*Source material*:
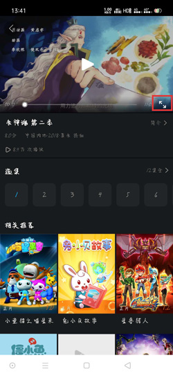 2.进入视频播放页面之后,点击上方视频播放窗口的“放大”按钮,横屏播放视频;
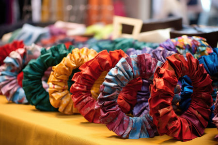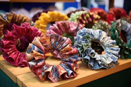 A vibrant collection of colorful hair scrunchies displayed neatly at a craft fair
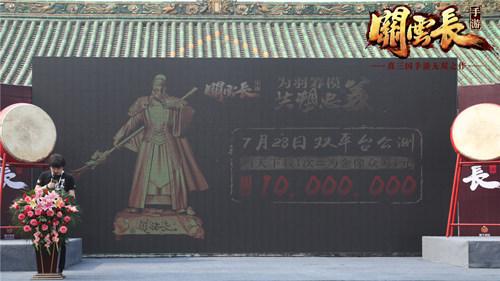 亚洲人气偶像何润东作为《关云长》手游代言人也亲临现场,与蜗牛相关负责人、以及当地政府领导共同拼接组合完成“青龙偃月刀”后,开启了名为“为羽筹模,再塑忠义”的众筹仪式。蜗牛相关负责人介绍,在7月28日双平台公测的当天,蜗牛将向全行业实时展示真实的下载数据,每一位在公测当天通过任意平台下载《关云长》手游的用户,即视为为“关公金像”贡献了1元钱的力量,目标是达到1千万下载,届时蜗牛将斥资千万打造关公金像,以重塑忠义精神!
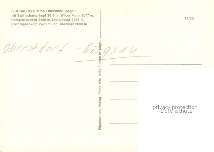 73634950 Birgsau mit Steinschartenkopf Wilder Mann Rothgrundspitze Hochrappenkopf und Biberkopf postalisch nicht gelaufen Erhaltung siehe scans [WerneD78] KatCode: 11110009780133
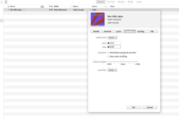 Después, selecciona la pestaña Options (opciones) en la parte de arriba de la ventana. Deben a parecer dos espacios en blanco para que ingreses los minutos de inicio y el de finalización. Recuerda que los ringtones tienen un máximo de 30 segundo de duración. Posteriormente, pulsa el botón OK.
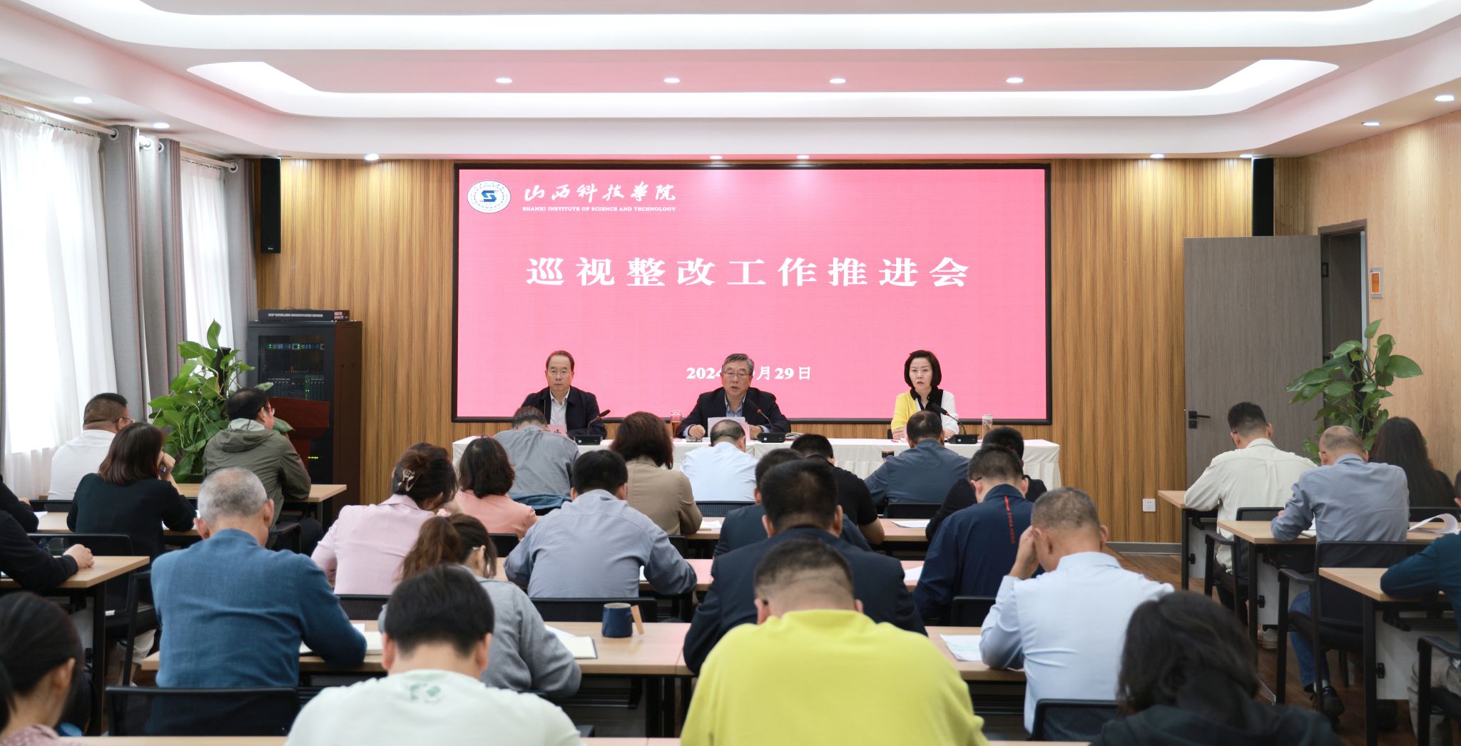 9月29日下午,Beat365官网召开巡视整改工作推进会,梳理现阶段巡视整改工作进展,聚焦巡视整改工作方案和三清单,研究部署下一步集中整改工作。党委书记师东海出席会议并讲话,校长梁丽萍主持会议。党委副书记吉育峰,党委委员、副校长李保英、田玉明、楼国红,各部门临时负责人、各二级学院院长及临时负责人、各直属党支部书记参加会议。
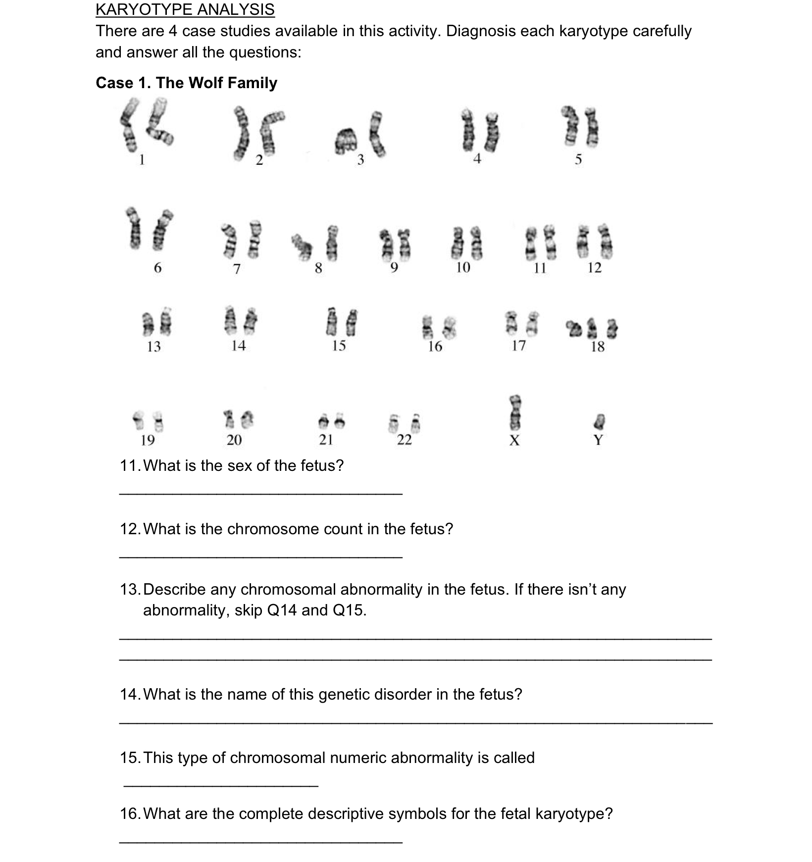 SOLUTION: Karotype evaluation practice Studypool Worksheets Library
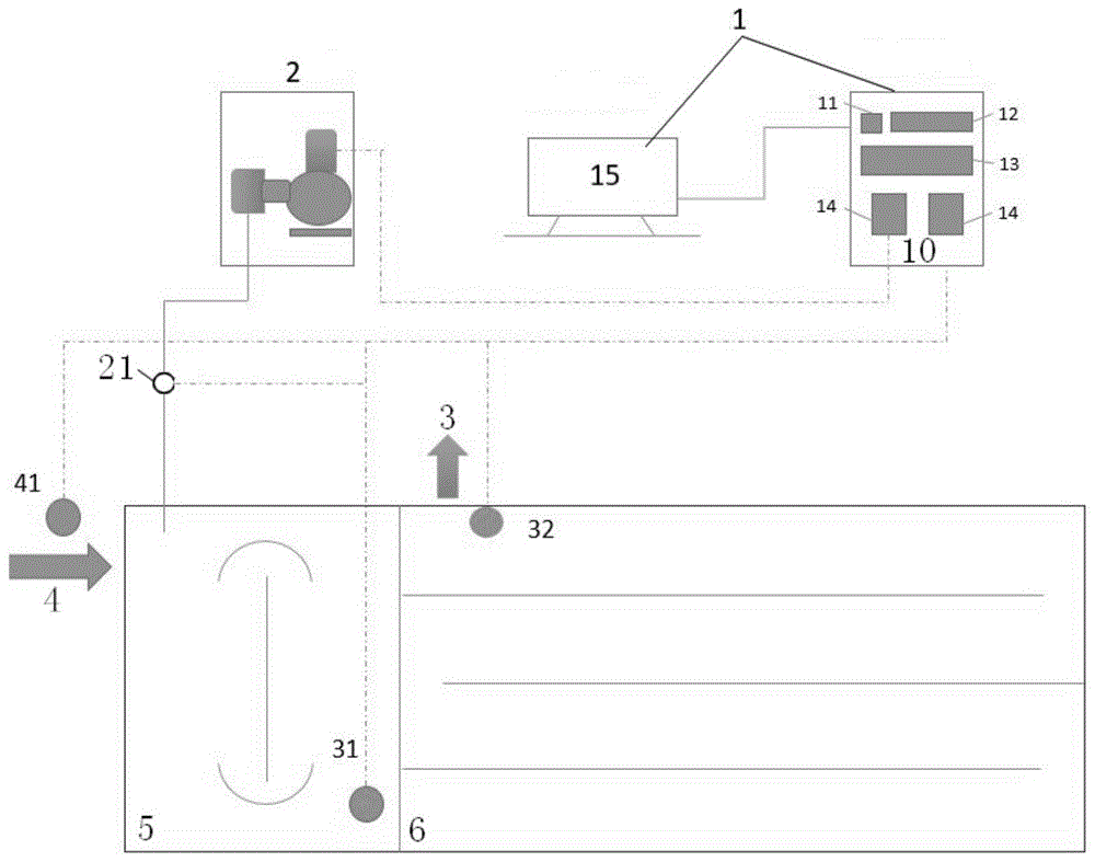 圖1、2中的標(biāo)記為:1-控制裝置;10-自控柜;11-電氣柜設(shè)備開關(guān);12-接觸器;13-接線端子;14-變頻器;15-工控機(jī);2-變頻加藥泵;21-加藥流量計(jì);3-出水管;31-前饋硝態(tài)氮在線儀表;32-反饋硝態(tài)氮在線儀表;4-進(jìn)水管;41-進(jìn)水在線流量計(jì);5-缺氧池;6-好氧池;7-反硝化濾池。
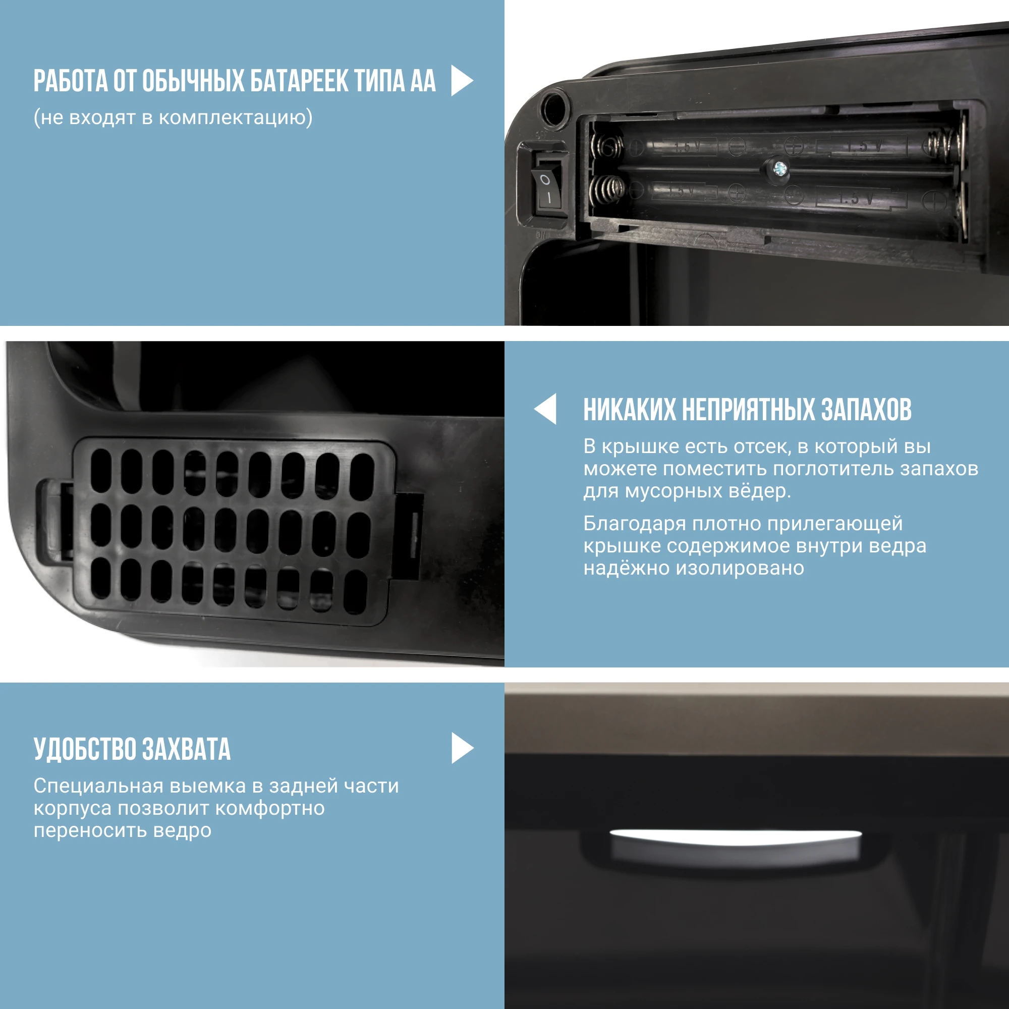 Несколько режимов работы, в том числе ручной, который позволяет управлять открытием и закрытием крышки контейнера с помощью сенсорных кнопок, расположенных на фронтальной панели ведра.
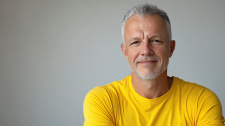 A man with a yellow shirt and gray hair is smiling. He looks happy and confident. Concept of warmth and positivity
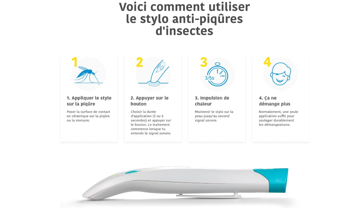 - Fini les patch anti-moustique, optez pour le stylo anti-moustique électrique pour le traitement symptomatique des piqûres de moustique, d’abeille, de guêpe, de frelon ou de taon.
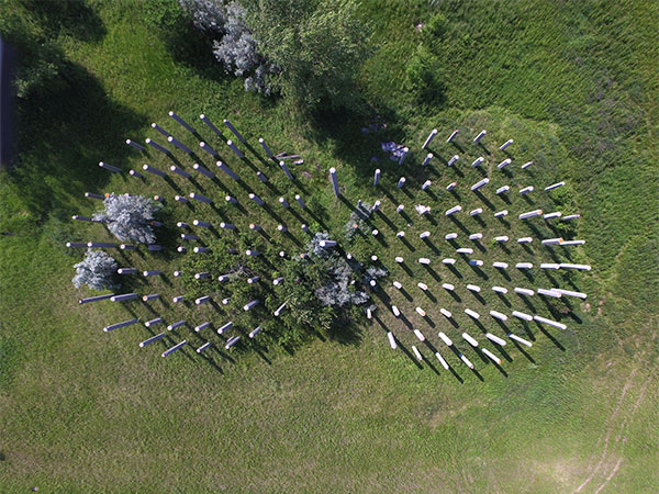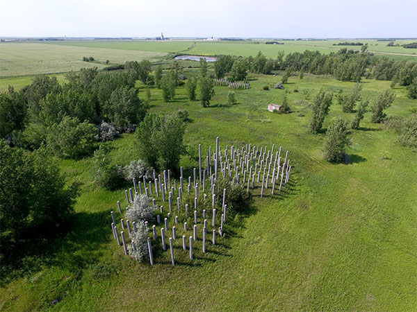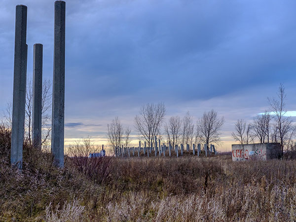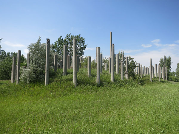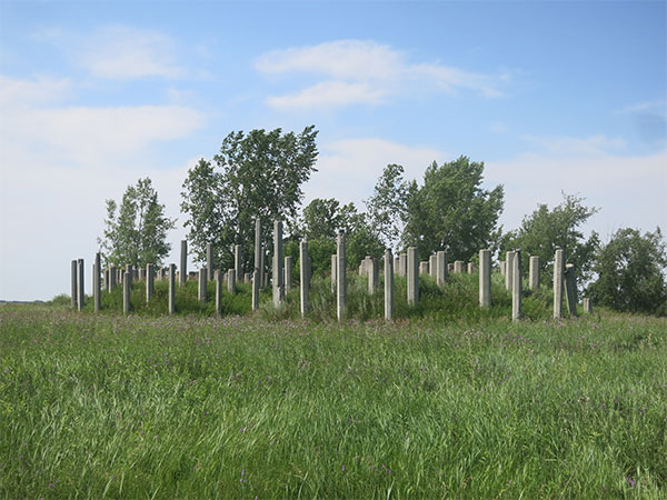 This site along Sturgeon Road in the Rural Municipality of Rosser is about 40 acres in area with an abandoned railway line through it from the CPR main line. Within the area are four large mounds that stand at least eight feet high, in two pairs, with numerous concrete pillars protruding from each mound. If one looks from above, each mound is seen to be almost perfectly circular and the pillars are oriented in a neat grid. The two mounds nearest Sturgeon Road are the largest, each about 70 feet in diameter, while two farther from the road are smaller, about 50 feet in diameter.

*Requirement*: Could you output exactly the lines above, from the line with "Después, selecciona la" up to and including the line with "Несколько режимов работы, в", and nothing else, skipping the pictures?

*Answer section*:
 Después, selecciona la pestaña Options (opciones) en la parte de arriba de la ventana. Deben a parecer dos espacios en blanco para que ingreses los minutos de inicio y el de finalización. Recuerda que los ringtones tienen un máximo de 30 segundo de duración. Posteriormente, pulsa el botón OK.
 9月29日下午,Beat365官网召开巡视整改工作推进会,梳理现阶段巡视整改工作进展,聚焦巡视整改工作方案和三清单,研究部署下一步集中整改工作。党委书记师东海出席会议并讲话,校长梁丽萍主持会议。党委副书记吉育峰,党委委员、副校长李保英、田玉明、楼国红,各部门临时负责人、各二级学院院长及临时负责人、各直属党支部书记参加会议。
 SOLUTION: Karotype evaluation practice Studypool Worksheets Library
 圖1、2中的標(biāo)記為:1-控制裝置;10-自控柜;11-電氣柜設(shè)備開關(guān);12-接觸器;13-接線端子;14-變頻器;15-工控機(jī);2-變頻加藥泵;21-加藥流量計(jì);3-出水管;31-前饋硝態(tài)氮在線儀表;32-反饋硝態(tài)氮在線儀表;4-進(jìn)水管;41-進(jìn)水在線流量計(jì);5-缺氧池;6-好氧池;7-反硝化濾池。
 Несколько режимов работы, в том числе ручной, который позволяет управлять открытием и закрытием крышки контейнера с помощью сенсорных кнопок, расположенных на фронтальной панели ведра.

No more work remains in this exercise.